Gang violence keeps Providence women in court
Venita Lovett spent as much time in court last week as most members of the judiciary.
On Tuesday, following a two-week trial, a gang member was convicted of killing her son, Kasean Benton, who was gunned down in an ambush on the city’s South Side two years ago.
But her daily trip to Providence County Superior Court was not over.
On Wednesday, she was back in court. Same building. Same courtroom. Same judge. This time she returned to see Kasean’s twin brother, Jaheeim, make an appearance to face six felony charges for firing a gun at three men in Pawtucket last summer. Jury selection in his case began on Monday.
Mrs. Lovett, a deeply religious woman, is on the front lines of the escalating violence that has sent scores of young men to their graves or to state or federal prisons where they spend a good portion of their lives.
The Benton boys were, and are, according to the police, members of YNIC, a street gang with a racial epithet in its name. YNIC and Comstock, another gang named after Comstock Avenue off Broad Street, are bitter rivals. Both groups are composed of young black men from the South Side. Many of the feuding gang members were once friends who slept at each other’s homes, ate dinner together and played pickup basketball and youth football.
Somewhere along the line, the friendships went awry. Knives and guns replaced reason and self-control.
Donald Young was convicted last week in the murder of Kasean Benton, a rival gang member.
A jury found Donald Young, a Comstock gang member, guilty of gunning down Kasean Benton. At one time, they were friends.
Teny O. Gross, executive director of the Institute for the Study & Practice of Nonviolence on Oxford Street, said that the rivals all once hung out at the Davey Lopes Recreation Center on Dudley Street near Rhode Island Hospital. Around 2005, they split into separate gangs: Comstock and YNIC. The friends became enemies. Gross “doesn’t remember anymore” what caused the rift.
“It started off as youthful energy and fighting,” he said. “Then, guns got involved.”

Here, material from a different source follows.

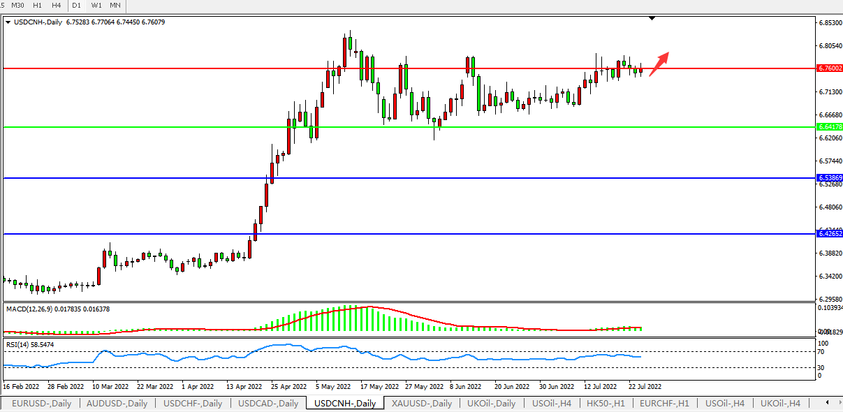 交易策略:在6.6416之上,看涨,目标价位为6.7600、6.8870

Lovett is a weary 52-year-old mother who gave birth to 10 children — “six living, four passed.” Among the dead are Kasean and three other siblings, including a set of twins, all of whom she said died from crib death. She said that, in 1996, she moved to Providence from Newark, N.J., to care for her ailing mother.
“I wished I never came to this wicked place,” she said.
The family lived on Sycamore Street in theSouth Side and she said she spoiled her children. They always had the latest video games and the finest basketball sneakers. She said that her sons and friends, as many as 15 of them, including Donald Young, would stop by the house for sandwiches, macaroni and cheese and chicken dinners. Often times, she said, they slept over.
Lovett said that a well-intentioned celebration triggered a rift between the boys that led to a three-year explosion in violence.